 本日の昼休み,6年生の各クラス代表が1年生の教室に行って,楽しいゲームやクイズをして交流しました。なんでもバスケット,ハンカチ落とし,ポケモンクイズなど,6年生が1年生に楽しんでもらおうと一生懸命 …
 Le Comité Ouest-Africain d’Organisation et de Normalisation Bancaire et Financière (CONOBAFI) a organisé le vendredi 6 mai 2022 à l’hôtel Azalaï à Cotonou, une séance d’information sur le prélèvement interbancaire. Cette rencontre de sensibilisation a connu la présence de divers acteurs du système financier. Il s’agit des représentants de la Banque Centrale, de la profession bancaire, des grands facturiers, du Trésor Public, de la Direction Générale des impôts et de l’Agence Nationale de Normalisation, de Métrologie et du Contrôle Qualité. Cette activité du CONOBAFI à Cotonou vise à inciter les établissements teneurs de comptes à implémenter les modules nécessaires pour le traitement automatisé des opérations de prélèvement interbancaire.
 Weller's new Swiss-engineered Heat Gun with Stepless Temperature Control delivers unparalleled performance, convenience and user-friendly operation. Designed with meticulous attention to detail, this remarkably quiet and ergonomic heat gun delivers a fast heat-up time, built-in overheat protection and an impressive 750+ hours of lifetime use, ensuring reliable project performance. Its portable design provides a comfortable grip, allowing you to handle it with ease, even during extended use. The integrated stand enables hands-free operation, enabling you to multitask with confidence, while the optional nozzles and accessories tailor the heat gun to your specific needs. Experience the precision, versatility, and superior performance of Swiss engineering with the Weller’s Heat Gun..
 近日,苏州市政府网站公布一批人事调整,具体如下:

● ● ● ● ●

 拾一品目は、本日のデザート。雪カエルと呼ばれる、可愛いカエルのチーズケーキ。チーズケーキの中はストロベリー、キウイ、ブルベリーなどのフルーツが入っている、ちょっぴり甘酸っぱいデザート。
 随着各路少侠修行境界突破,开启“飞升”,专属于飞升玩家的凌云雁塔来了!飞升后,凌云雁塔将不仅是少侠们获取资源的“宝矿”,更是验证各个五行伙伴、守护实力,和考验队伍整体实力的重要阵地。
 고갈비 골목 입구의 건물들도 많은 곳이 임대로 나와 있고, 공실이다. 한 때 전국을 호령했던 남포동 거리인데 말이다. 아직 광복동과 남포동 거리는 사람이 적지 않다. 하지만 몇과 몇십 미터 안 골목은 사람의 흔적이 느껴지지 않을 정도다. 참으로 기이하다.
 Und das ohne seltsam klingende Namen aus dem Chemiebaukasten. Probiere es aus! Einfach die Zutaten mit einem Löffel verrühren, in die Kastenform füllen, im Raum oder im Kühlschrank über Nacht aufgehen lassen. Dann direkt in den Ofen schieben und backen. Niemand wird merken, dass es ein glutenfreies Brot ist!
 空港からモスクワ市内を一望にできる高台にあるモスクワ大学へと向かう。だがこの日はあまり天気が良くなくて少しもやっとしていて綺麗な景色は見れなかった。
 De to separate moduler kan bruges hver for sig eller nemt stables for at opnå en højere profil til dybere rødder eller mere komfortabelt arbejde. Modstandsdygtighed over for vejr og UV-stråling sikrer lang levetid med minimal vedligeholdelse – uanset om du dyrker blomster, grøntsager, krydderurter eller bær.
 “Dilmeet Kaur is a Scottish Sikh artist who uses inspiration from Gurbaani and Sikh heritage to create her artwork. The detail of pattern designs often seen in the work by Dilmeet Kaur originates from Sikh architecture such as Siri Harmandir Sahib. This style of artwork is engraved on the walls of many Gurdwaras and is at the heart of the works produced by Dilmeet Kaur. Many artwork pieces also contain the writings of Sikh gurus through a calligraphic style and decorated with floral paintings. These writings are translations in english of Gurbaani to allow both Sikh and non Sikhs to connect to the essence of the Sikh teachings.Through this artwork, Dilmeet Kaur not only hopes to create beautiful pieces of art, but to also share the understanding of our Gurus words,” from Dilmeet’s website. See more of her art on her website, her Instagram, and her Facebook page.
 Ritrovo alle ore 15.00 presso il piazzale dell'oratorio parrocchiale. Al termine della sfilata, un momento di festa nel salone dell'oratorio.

● ● ● ● ●

- _About this exercise_: From the data above, return every line from the line that has "고갈비 골목 입구의 건물들도" up to and including the line that has "De to separate", exactly.

- _Completed exercise_:
 고갈비 골목 입구의 건물들도 많은 곳이 임대로 나와 있고, 공실이다. 한 때 전국을 호령했던 남포동 거리인데 말이다. 아직 광복동과 남포동 거리는 사람이 적지 않다. 하지만 몇과 몇십 미터 안 골목은 사람의 흔적이 느껴지지 않을 정도다. 참으로 기이하다.
 Und das ohne seltsam klingende Namen aus dem Chemiebaukasten. Probiere es aus! Einfach die Zutaten mit einem Löffel verrühren, in die Kastenform füllen, im Raum oder im Kühlschrank über Nacht aufgehen lassen. Dann direkt in den Ofen schieben und backen. Niemand wird merken, dass es ein glutenfreies Brot ist!
 空港からモスクワ市内を一望にできる高台にあるモスクワ大学へと向かう。だがこの日はあまり天気が良くなくて少しもやっとしていて綺麗な景色は見れなかった。
 De to separate moduler kan bruges hver for sig eller nemt stables for at opnå en højere profil til dybere rødder eller mere komfortabelt arbejde. Modstandsdygtighed over for vejr og UV-stråling sikrer lang levetid med minimal vedligeholdelse – uanset om du dyrker blomster, grøntsager, krydderurter eller bær.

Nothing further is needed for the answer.